Avons-nous dans nos vies rencontré Jésus ? Il y a mille manières de le rencontrer. Parfois est marqué dans notre mémoire comme une expérience de rencontre avec Lui qui a illuminé nos vies. Les différents évangiles racontent maintes et maintes rencontres de Jésus avec des malades, des pêcheurs, des possédés, des savants, des chefs religieux. A chaque rencontre, il se passe toujours quelque chose : appel à le suivre, guérison, libération, ouverture du cœur, dilation de l’âme, appel parfois virulent à la conversion. Le texte qui nous est proposé par la liturgie raconte l’appel des premiers disciples. La manière dont Jean nous rapporte cet événement est d’une extrême concision, une extrême rapidité. En quelques versets, tout est dit. Jn 1,40-42 : « André, le frère de Simon-Pierre, était l’un des deux disciples qui avaient entendu la parole de Jean et qui avaient suivi Jésus. Il trouve d’abord Simon, son propre frère, et lui dit : « Nous avons trouvé le Messie » – ce qui veut dire : Christ. André amena son frère à Jésus. Jésus posa son regard sur lui et dit : « Tu es Simon, fils de Jean ; tu t’appelleras Kèphas » – ce qui veut dire : Pierre. » Le texte est d’une grande sobriété comme tous les récits d’appel. Souvent, quand on raconte sa vocation, on donne beaucoup de détails sur les circonstances, sur notre état d’esprit, nos hésitations, la réaction des autres. La Bible de manière générale est d’une grande sobriété dans tous les récits de vocation. Il nous faut lire entre les lignes.

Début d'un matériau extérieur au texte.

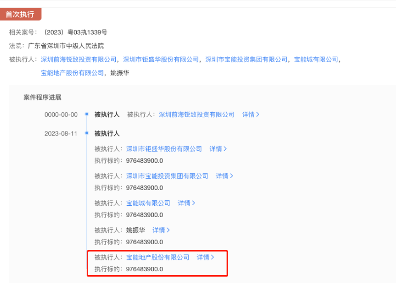 在宝能集团被列为被执行人信息中,大都会均涉及宝能地产。天眼查显示,8月11日,宝能集团、宝能地产、姚振华等新增一则被执行人信息,执行标的9.76亿元。

André va voir son frère Simon que l’on imagine en train de préparer ou de ranger les filets. André a expliqué sa rencontre extraordinaire avec un certain Jésus que Jean a désigné comme l’Agneau de Dieu. On suppose qu’André a dû vouloir convaincre Simon et lui exprimer ce qu’il a ressenti, ce qu’il a vécu dans cette rencontre. Mais je pense que ce ne sont pas les paroles abondantes et enflammées d’André qui ont convaincu Simon. On peut penser que Simon se lève pour aller voir ce Jésus, plus pour avoir la paix que parce qu’il aurait été séduit par ce que vient de dire son frère. Il y va pour qu’André comprenne que ce n’est pas son truc et ensuite il pourra revenir s’occuper de son travail !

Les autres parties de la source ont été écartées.